**ACTION ITEM**.
Only the lines in the entries below from the line with "1girl solo, lilique, blue_eyes, brown" to the line with "リフトアップをすると、写真の", both included, belong in the answer, transcribed exactly and without pictures.

::: DATA PROVIDED :::

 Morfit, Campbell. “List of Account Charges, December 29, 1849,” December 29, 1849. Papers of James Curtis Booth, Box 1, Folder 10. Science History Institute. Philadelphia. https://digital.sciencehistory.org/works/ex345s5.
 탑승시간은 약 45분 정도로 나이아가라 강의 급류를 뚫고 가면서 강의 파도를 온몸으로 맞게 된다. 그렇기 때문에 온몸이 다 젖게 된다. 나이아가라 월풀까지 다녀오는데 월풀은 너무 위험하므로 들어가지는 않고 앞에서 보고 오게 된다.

:::
::: DATA PROVIDED :::

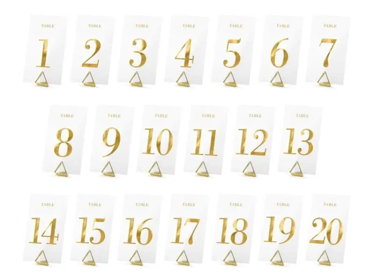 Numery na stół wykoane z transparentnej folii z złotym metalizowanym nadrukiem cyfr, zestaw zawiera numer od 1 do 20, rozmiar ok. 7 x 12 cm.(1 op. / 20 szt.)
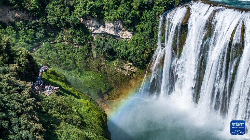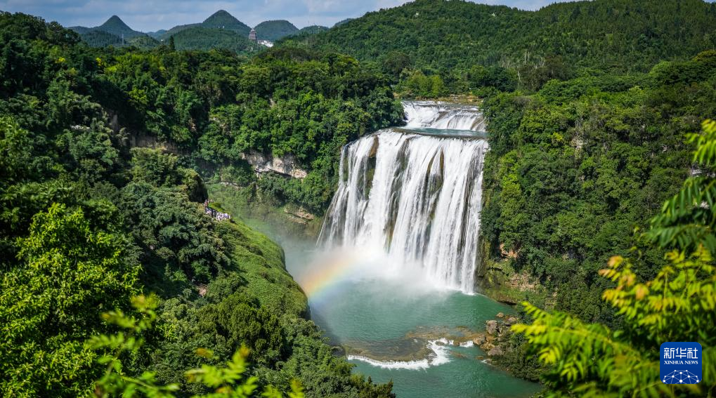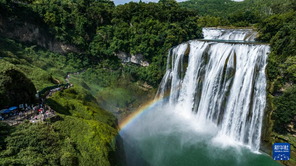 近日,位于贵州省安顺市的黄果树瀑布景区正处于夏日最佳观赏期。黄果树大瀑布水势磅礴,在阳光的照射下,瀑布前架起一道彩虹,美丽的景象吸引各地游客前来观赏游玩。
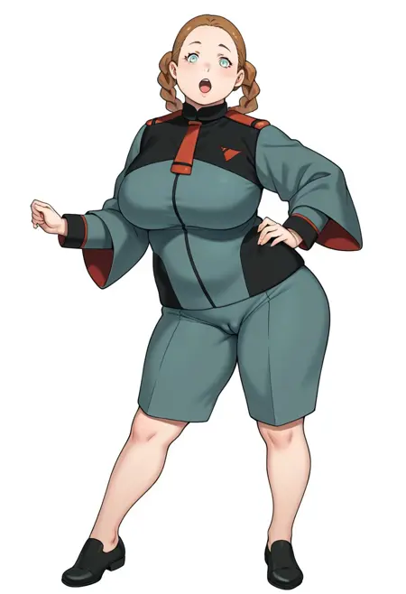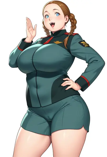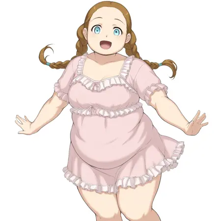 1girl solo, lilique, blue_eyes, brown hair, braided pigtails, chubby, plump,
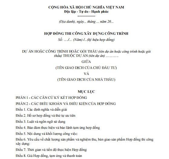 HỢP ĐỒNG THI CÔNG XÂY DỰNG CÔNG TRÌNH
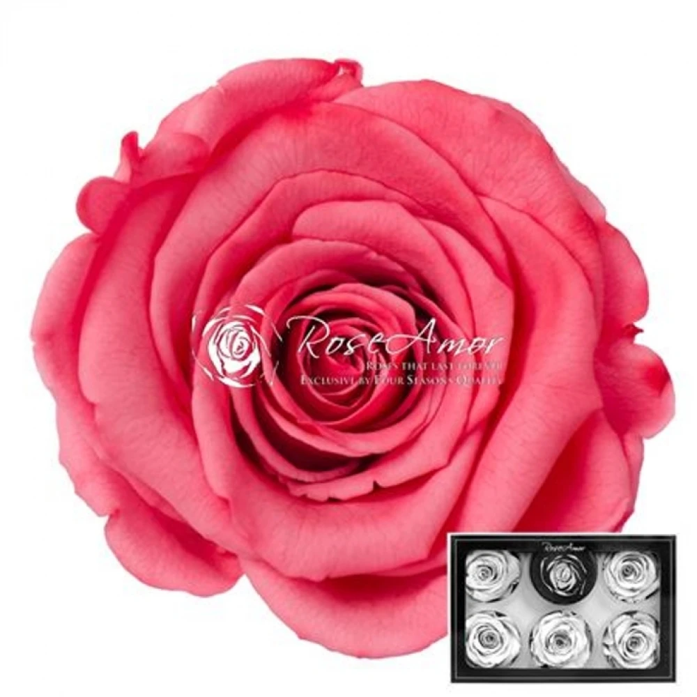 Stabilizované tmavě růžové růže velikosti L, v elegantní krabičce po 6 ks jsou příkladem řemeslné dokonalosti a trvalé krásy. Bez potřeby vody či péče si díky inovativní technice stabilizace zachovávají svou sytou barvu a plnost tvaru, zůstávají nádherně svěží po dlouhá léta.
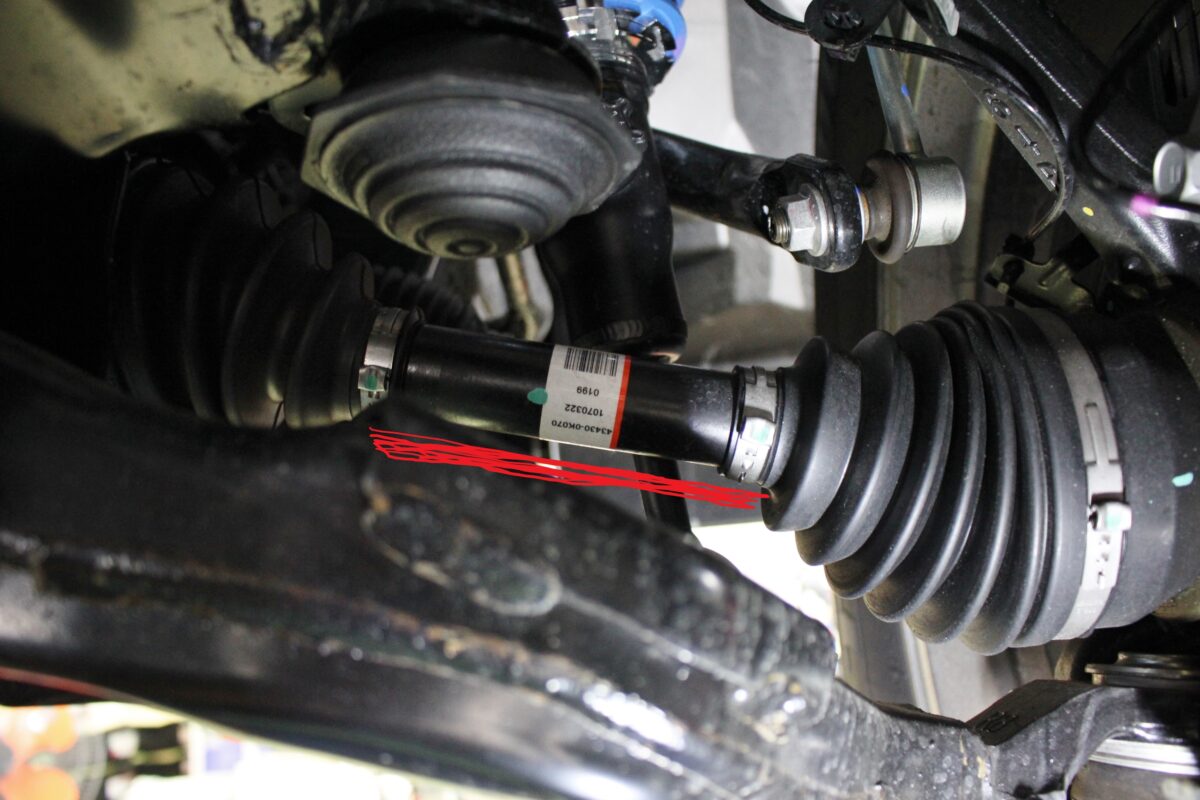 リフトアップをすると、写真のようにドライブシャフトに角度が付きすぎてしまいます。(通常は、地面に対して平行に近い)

:::

**RESPONSE**.
 1girl solo, lilique, blue_eyes, brown hair, braided pigtails, chubby, plump,
 HỢP ĐỒNG THI CÔNG XÂY DỰNG CÔNG TRÌNH
 Stabilizované tmavě růžové růže velikosti L, v elegantní krabičce po 6 ks jsou příkladem řemeslné dokonalosti a trvalé krásy. Bez potřeby vody či péče si díky inovativní technice stabilizace zachovávají svou sytou barvu a plnost tvaru, zůstávají nádherně svěží po dlouhá léta.
 リフトアップをすると、写真のようにドライブシャフトに角度が付きすぎてしまいます。(通常は、地面に対して平行に近い)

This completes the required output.